Work to complete: Take the lines of the data below from the very first through the line containing "Discover timeless elegance" and output them exactly, pictures excluded.

Records from a data collection:
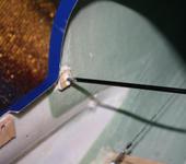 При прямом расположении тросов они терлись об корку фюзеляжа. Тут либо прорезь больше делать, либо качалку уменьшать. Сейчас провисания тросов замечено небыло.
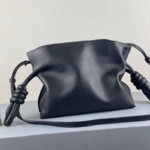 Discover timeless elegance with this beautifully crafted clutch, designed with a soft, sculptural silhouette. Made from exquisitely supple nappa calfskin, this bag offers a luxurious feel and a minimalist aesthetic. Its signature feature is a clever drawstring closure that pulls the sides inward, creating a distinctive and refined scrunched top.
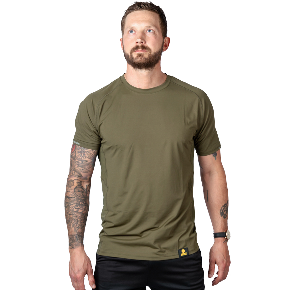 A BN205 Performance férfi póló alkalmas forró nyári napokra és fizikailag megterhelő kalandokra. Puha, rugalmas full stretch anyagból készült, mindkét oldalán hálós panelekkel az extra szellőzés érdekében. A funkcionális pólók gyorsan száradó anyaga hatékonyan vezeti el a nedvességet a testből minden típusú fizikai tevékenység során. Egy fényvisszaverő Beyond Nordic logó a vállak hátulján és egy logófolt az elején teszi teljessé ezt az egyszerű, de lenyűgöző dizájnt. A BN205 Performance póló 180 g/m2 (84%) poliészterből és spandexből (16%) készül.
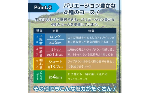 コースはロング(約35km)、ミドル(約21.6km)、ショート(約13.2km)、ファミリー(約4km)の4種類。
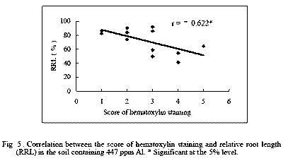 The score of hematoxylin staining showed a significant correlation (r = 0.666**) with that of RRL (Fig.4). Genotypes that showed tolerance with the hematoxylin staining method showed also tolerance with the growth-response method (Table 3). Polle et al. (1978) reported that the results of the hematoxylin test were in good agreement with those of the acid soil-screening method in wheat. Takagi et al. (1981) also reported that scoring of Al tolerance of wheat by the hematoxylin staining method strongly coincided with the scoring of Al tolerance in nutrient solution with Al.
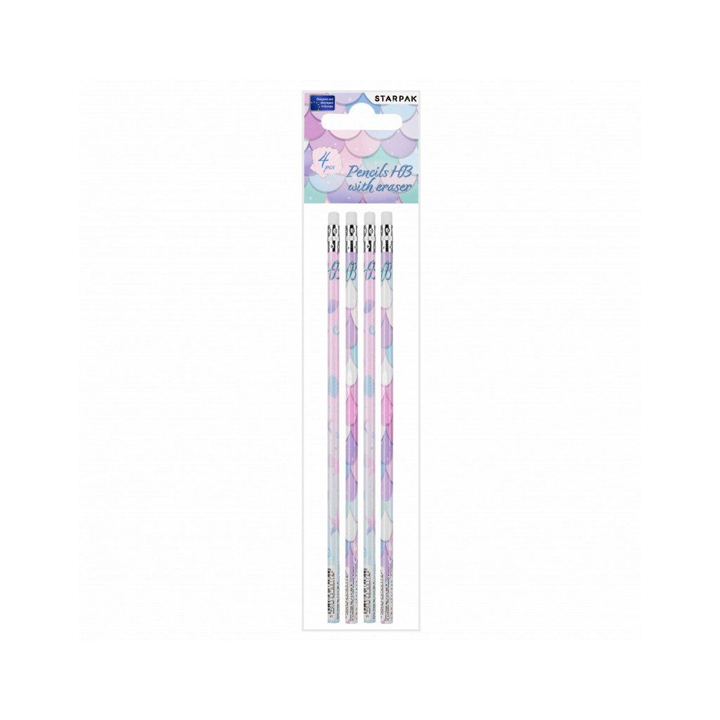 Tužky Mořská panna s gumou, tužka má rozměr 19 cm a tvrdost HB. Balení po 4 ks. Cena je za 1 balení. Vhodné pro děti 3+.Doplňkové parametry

Response to the task:
 При прямом расположении тросов они терлись об корку фюзеляжа. Тут либо прорезь больше делать, либо качалку уменьшать. Сейчас провисания тросов замечено небыло.
 Discover timeless elegance with this beautifully crafted clutch, designed with a soft, sculptural silhouette. Made from exquisitely supple nappa calfskin, this bag offers a luxurious feel and a minimalist aesthetic. Its signature feature is a clever drawstring closure that pulls the sides inward, creating a distinctive and refined scrunched top.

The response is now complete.